▶ [The data]:
--- START ---

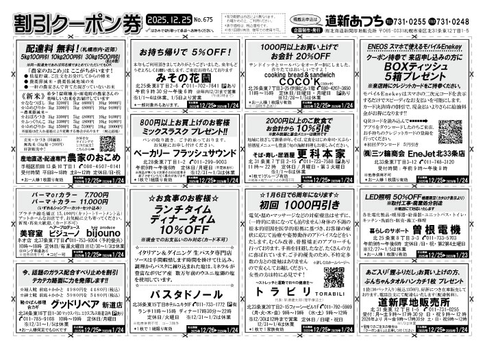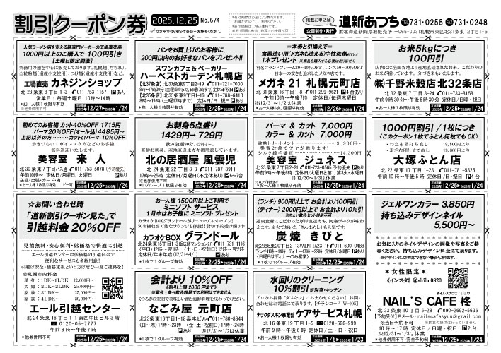 地域の読者向けサービスとして、毎月25日に割引クーポン券を発行しています。
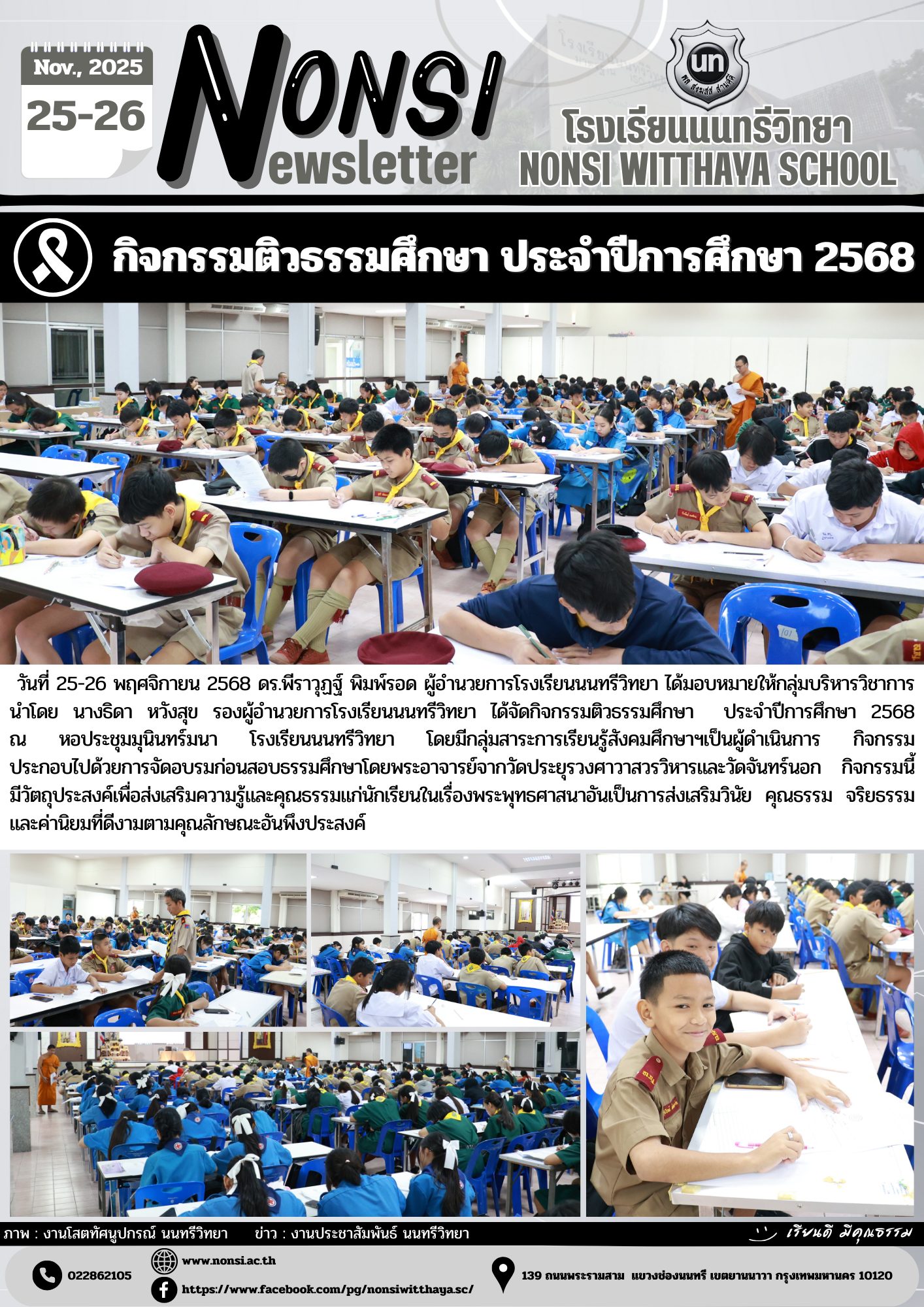 วันที่ 25-26 พฤศจิกายน 2568 ดร.พีราวุฏฐ์ พิมพ์รอด ผู้อำนวยการโรงเรียนนนทรีวิทยา ได้มอบหมายให้กลุ่มบริหารวิชาการ นำโดย นางธิดา หวังสุข รองผู้อำนวยการโรงเรียนนนทรีวิทยา ได้จัดกิจกรรมติวธรรมศึกษา ประจำปีการศึกษา 2568 ณ หอประชุมมุนินทร์มนา โรงเรียนนนทรีวิทยา โดยมีกลุ่มสาระการเรียนรู้สังคมศึกษาฯเป็นผู้ดำเนินการ กิจกรรมประกอบไปด้วยการจัดอบรมก่อนสอบธรรมศึกษาโดยพระอาจารย์จากวัดประยุรวงศาวาสวรวิหารและวัดจันทร์นอก กิจกรรมนี้มีวัตถุประสงค์เพื่อส่งเสริมความรู้และคุณธรรมแก่นักเรียนในเรื่องพระพุทธศาสนาอันเป็นการส่งเสริมวินัย คุณธรรม จริยธรรมและค่านิยมที่ดีงามตามคุณลักษณะอันพึงประสงค์
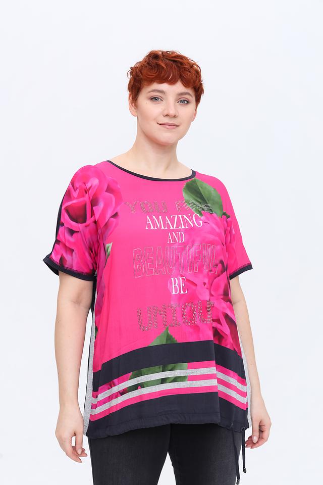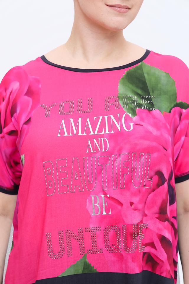 Яркая блуза Frapp фуксии с эффектным цветочным принтом и контрастными вставками. Модель свободного кроя с короткими рукавами и декоративной полосой на спине станет стильным дополнением к вашему гардеробу. Состав: вискоза 90%, эластан 10%
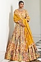 Featuring a yellow lehenga in silk base with hand embroidery. It is paired with a matching blouse and a satin organza dupatta.
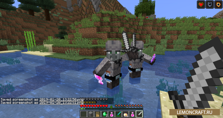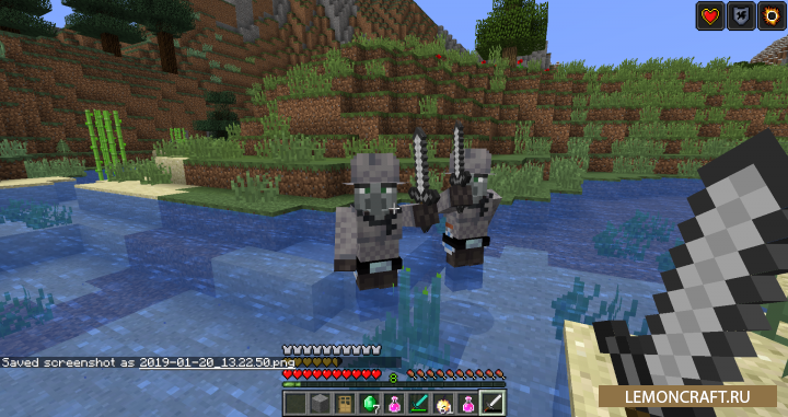 Мод на стражей Guard Illagers добавит в игру новых персонажи - стражей, который будут спавниться в лесном массиве. Данные мобы будут иметь в своем арсенале железный меч и два типа зелий: ускорение и лечение. Особой угрозы они не несут, но все же будьте внимательны. Охраняя свою лесную территорию, эти стражи готовы пойти на все, что бы не пропустить вас туда.
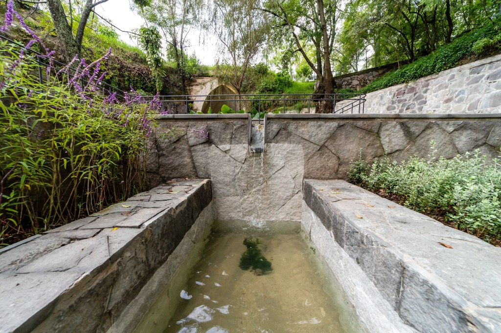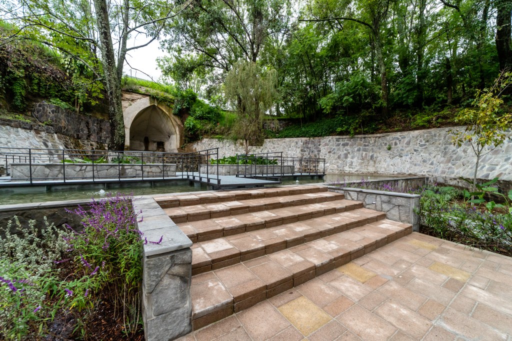 La obra contempló la restauración de la bóveda original, muros de contención y pilas de agua diseñadas por Ashida y Hartung. Además, se buscó crear una atmósfera que conectara a los visitantes con la naturaleza. Para ello, se propuso una pila a nivel de piso equipada con un sistema de borbotones que emiten sonido, así como una pasarela de rejilla tipo Irving, pasamanos de tubulares rolados y jardineras-banca que alojan dos árboles como principales actores del espacio.

--- END ---

▶ [Brief]: After removing the pictures, repeat the remaining records exactly.

▶ [Result of the exercise]:
 地域の読者向けサービスとして、毎月25日に割引クーポン券を発行しています。
 วันที่ 25-26 พฤศจิกายน 2568 ดร.พีราวุฏฐ์ พิมพ์รอด ผู้อำนวยการโรงเรียนนนทรีวิทยา ได้มอบหมายให้กลุ่มบริหารวิชาการ นำโดย นางธิดา หวังสุข รองผู้อำนวยการโรงเรียนนนทรีวิทยา ได้จัดกิจกรรมติวธรรมศึกษา ประจำปีการศึกษา 2568 ณ หอประชุมมุนินทร์มนา โรงเรียนนนทรีวิทยา โดยมีกลุ่มสาระการเรียนรู้สังคมศึกษาฯเป็นผู้ดำเนินการ กิจกรรมประกอบไปด้วยการจัดอบรมก่อนสอบธรรมศึกษาโดยพระอาจารย์จากวัดประยุรวงศาวาสวรวิหารและวัดจันทร์นอก กิจกรรมนี้มีวัตถุประสงค์เพื่อส่งเสริมความรู้และคุณธรรมแก่นักเรียนในเรื่องพระพุทธศาสนาอันเป็นการส่งเสริมวินัย คุณธรรม จริยธรรมและค่านิยมที่ดีงามตามคุณลักษณะอันพึงประสงค์
 Яркая блуза Frapp фуксии с эффектным цветочным принтом и контрастными вставками. Модель свободного кроя с короткими рукавами и декоративной полосой на спине станет стильным дополнением к вашему гардеробу. Состав: вискоза 90%, эластан 10%
 Featuring a yellow lehenga in silk base with hand embroidery. It is paired with a matching blouse and a satin organza dupatta.
 Мод на стражей Guard Illagers добавит в игру новых персонажи - стражей, который будут спавниться в лесном массиве. Данные мобы будут иметь в своем арсенале железный меч и два типа зелий: ускорение и лечение. Особой угрозы они не несут, но все же будьте внимательны. Охраняя свою лесную территорию, эти стражи готовы пойти на все, что бы не пропустить вас туда.
 La obra contempló la restauración de la bóveda original, muros de contención y pilas de agua diseñadas por Ashida y Hartung. Además, se buscó crear una atmósfera que conectara a los visitantes con la naturaleza. Para ello, se propuso una pila a nivel de piso equipada con un sistema de borbotones que emiten sonido, así como una pasarela de rejilla tipo Irving, pasamanos de tubulares rolados y jardineras-banca que alojan dos árboles como principales actores del espacio.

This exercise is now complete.